As far as genteel women were concerned, shopping was a form of employment and one that was most effectively performed by women – note the language Elizabeth Parker used in 1751 to reprove her fiancé Robert Parker when, through careless procrastination, he bungled her commissions: ‘you really are a proper person to intrust with business … the next time I employ you, you shall be more punctual.’ Thereafter, Robert Parker appeared more mindful of his wife's instructions, apologizing from York in 1756 for silver buckles bought ‘contrary to orders’ and from Skipwith for some fancy hats, ‘don't scold abt [the] latter, for cd not bear to see [the] plain’.
11
A very similar note of respectful apology was struck by William Gossip in the 1740s and 1750s: ‘I have sent you what commisions I have executed, but I am afraid I shall never get all your locks as you would have them.’
12
Occasional marital disagreements over relatively minor consumption decisions illuminate the sexual division of labour as understood by genteel women. The delayed arrival of a hamper of produce from Pontefract in December 1753, prompted the following explanation from solicitor's wife Jane Scrimshire: ‘I am sorry to hear your Apples were so long travelled … but things always happen wrong when Husbands will not hearken to their Wives for I co'd not persuade Mr Scrimshire to send them to Wakefield but now as far as the Dignity of a Husband will allow He acquiesces.’ A month later Mrs Scrimshire admitted herself still ‘extremely vexed’ with Michael Scrimshire about the spoilt produce (and presumably the principle). Thereafter she ‘wo'd not let him have any Management in sending [perishables]’, and declared herself ‘determined to have my own way this time’.
13
Jane Scrimshire's conviction that the management of consumption was a proper female concern is echoed in letters from Elizabeth Parker's cousin Bessy Ramsden. When despatching a box of elaborately patterned silks from London in 1764 (‘in the very politest Fash[ion]’), Mrs Ramsden's apprehensions that they were ‘
too full
of work’ for her cousin's taste were dismissed by her husband Reverend
Ramsden. Proved right, Bessy identified unwarranted male intervention as the source of the problem: ‘Dear Cuzz, the Plot against your Peepers was not of
my
laying. The Patterns were of my
Husband's
chusing, to shew (as he says) his
Taste
. I tell him he had sufficiently shewn that before in his Choice of a – Wife.’
14

A uniquely detailed reconstruction of the management and mechanics of consumption is permitted by Elizabeth Shackleton's thirty-nine diaries. As has already been pointed out, the diaries were divided into ‘Letters to Friends and Upon Business’, ‘Remarkable Occurrences’ and ‘Accounts’. Unfortunately, for our purposes, the accounts were not an exercise in double-entry bookkeeping, being almost exclusively concerned with expenditure. If Elizabeth Shackleton kept a global account book (which seems likely) then it has not survived. Lost with it is the possibility of a precise correlation between income and expenditure over the life-cycle.
15
Not that Elizabeth Shackleton's accounts of expenditure were imprecise and unsystematic, far from it. The accuracy of her record-keeping has been verified by comparing the purchases of furniture from Gillows of Lancaster listed in the diaries and the relevant ledgers that survive for the firm.
16
Elizabeth Shackleton's furniture accounts were scrupulously exact in specification and accurate down to shillings and pence. In the case of furniture-buying, at the very least, the diaries offer an unerring record.

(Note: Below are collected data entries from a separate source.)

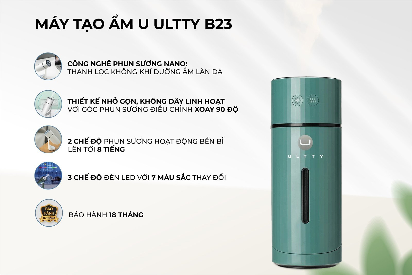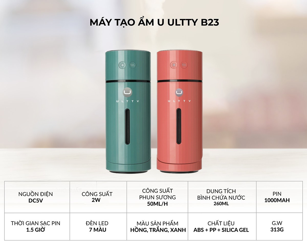 - Với kích thước nhỏ gọn 7.2 x 7.2 x 18 (cm), U ULTTY B23 hoàn hảo cho ô tô, máy tính để bàn hoặc phòng ngủ nhỏ.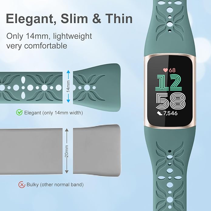 - Super Pretty Pattern Design: Our slim bands for Fitbit Charge 5/Charge 6 woman are engraved with romantic & elegant boho pattern, but not common floral, suitable for both women and men. The fancy cut-out straps are just like exquisite art, making you stand out in the crowd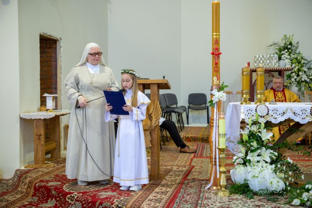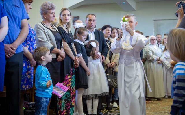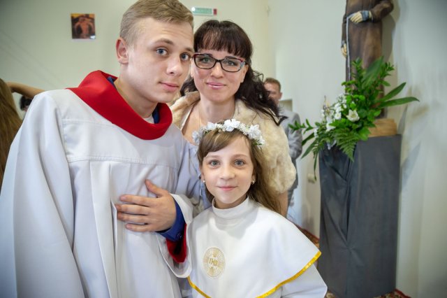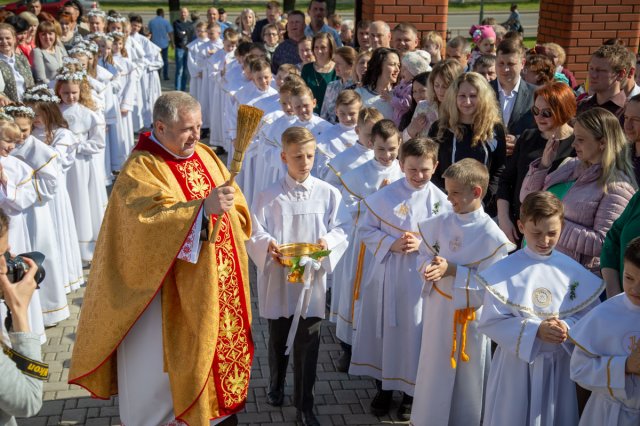Разам з бацькамі, хроснымі і ўсімі роднымі і знаёмымі уся парафія святкавала гэтую падзею! Дзякуй Пану Богу за вялікі дар Цела і Крыві Езуса Хрыста! “Хто спажывае Маё Цела і п’е Маю Кроў, той мае жыццё вечнае і Я ўваскрашу яго ў апошні дзень”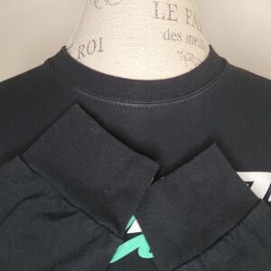 Rolled hem, ombre turquoise flames along sleeves, Excellent Condition, Loose fit Size S, fits more like an M, Pit-18, Length-14, Sleeve-27, sold out online.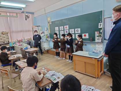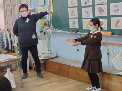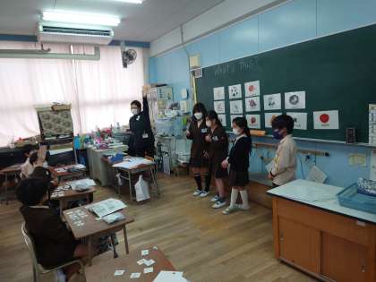 カードを一枚選んでステレオゲームをしました。何と言っているか、当たると減っていきます。最後一人になるとわかってしまうので、ジャスチャーをして当てています。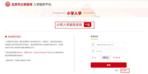 1. 忘记“小学入学服务平台”登录密码的用户可以通过“忘记密码”功能,在通过信息验证后重新设置密码。进入小学入学服务系统登陆页面,点击“忘记密码”。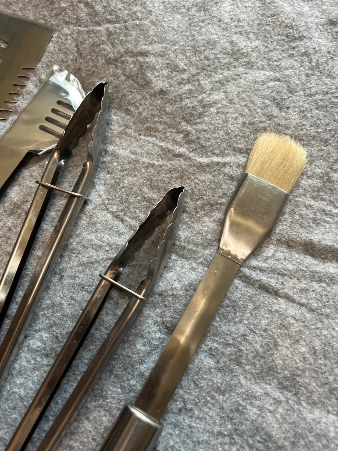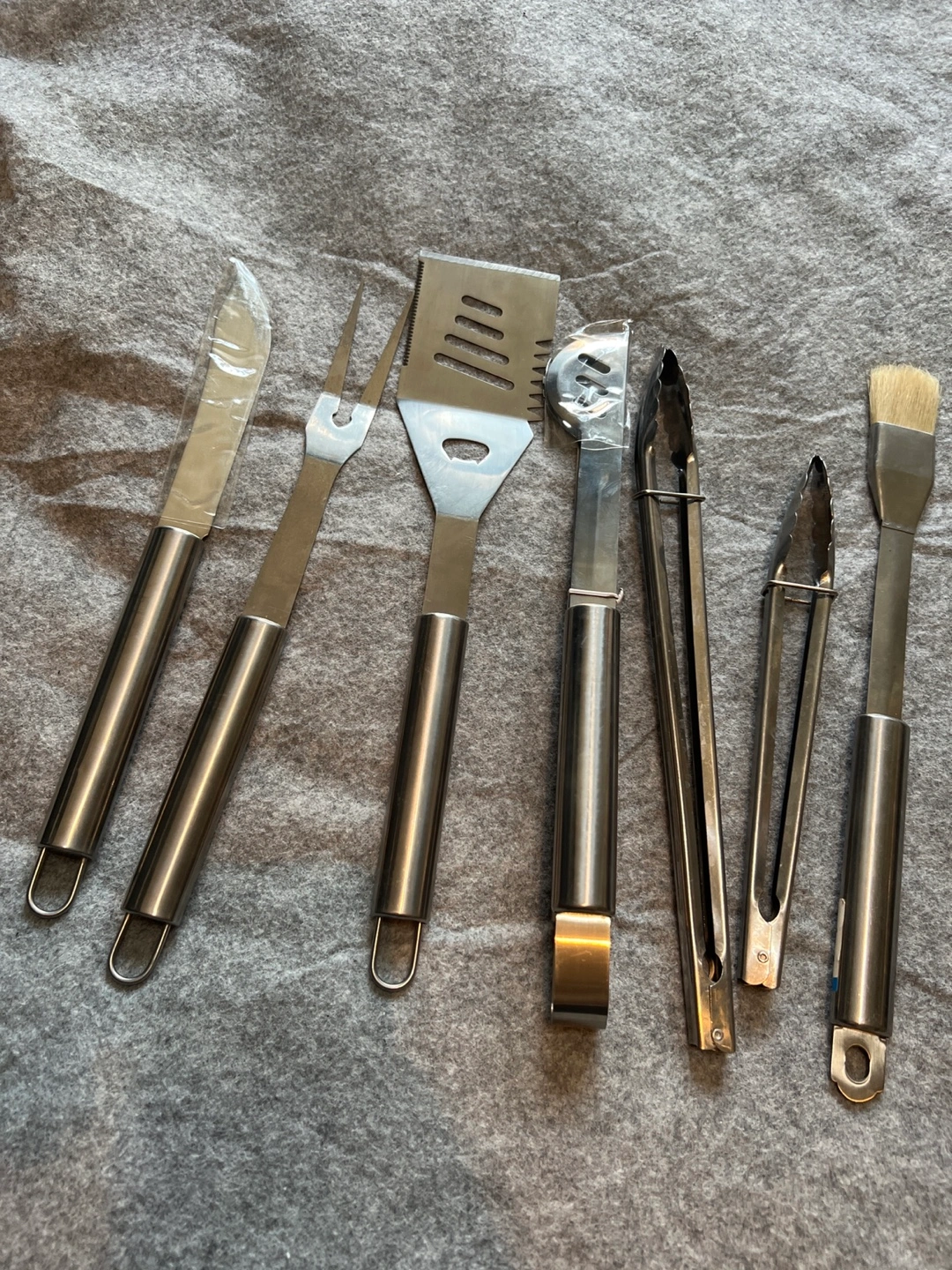BRAND NEW HEAVYWEIGHT HEAVYDUTY. Selling a BBQ grill tool set. Includes a spatula, tongs, basting brush, and more. All made of stainless steel and in good condition. Perfect for your summer grilling! Added free Red Salad tongs.

Among many other functions, the diaries served as a reference manual on the business of consumption and servicing a household. Mrs Shackleton kept a tally of the provisions, clothes and household goods she ordered from local retailers, usually with a note their quality or serviceability and price. When commissioning London relatives to purchase goods on her behalf, she sent remarkably detailed orders and specified how the proxy consumer was to be repaid and the means by which the purchases should be conveyed (either by coach, carrier or personally delivered). All this information was duly transcribed into the diaries. When parcels and boxes of metropolitan products arrived, Mrs Shackleton listed their contents, registering how well they had survived the journey and whether they suited her taste. A general interest in the price, specification and availability of consumer goods is catalogued in the diaries (‘Bought a small quantity of Mackrell at three pence a pound from Preston. I never saw any in Lancashire but once before’), while her correspondence reveals that she exchanged such information with her friends on a regular basis.
17
Although ultimate control of financial resources in the Shackleton marriage remains obscure,
18
there is no evidence that Elizabeth Shackleton felt financially constrained. The Shackleton marriage was riven with strife, yet there is no evidence of conflict over financial priorities, or Mrs Shackleton's independence as a consumer. The household sustained only a handful of servants, and certainly was not grand enough to support a house steward, a clerk of the kitchen or an executive housekeeper to manage and monitor family consumption. The sheer quantity of consumer detail in Elizabeth Shackleton's diaries offers powerful evidence that outside the households of peers and plutocrats the daily
management
of consumption fell to women and with it control of routine decision-making. It must be for this reason that American patriots made such efforts to ensure female co-operation in the colonial boycott of British imports, particularly tea, in the 1760s and 1770s. Similarly, it accounts for why early nineteenth-century associations of British women found consumer boycotting an ideal political strategy.
19
Women enjoyed some recognized independence as routine consumers.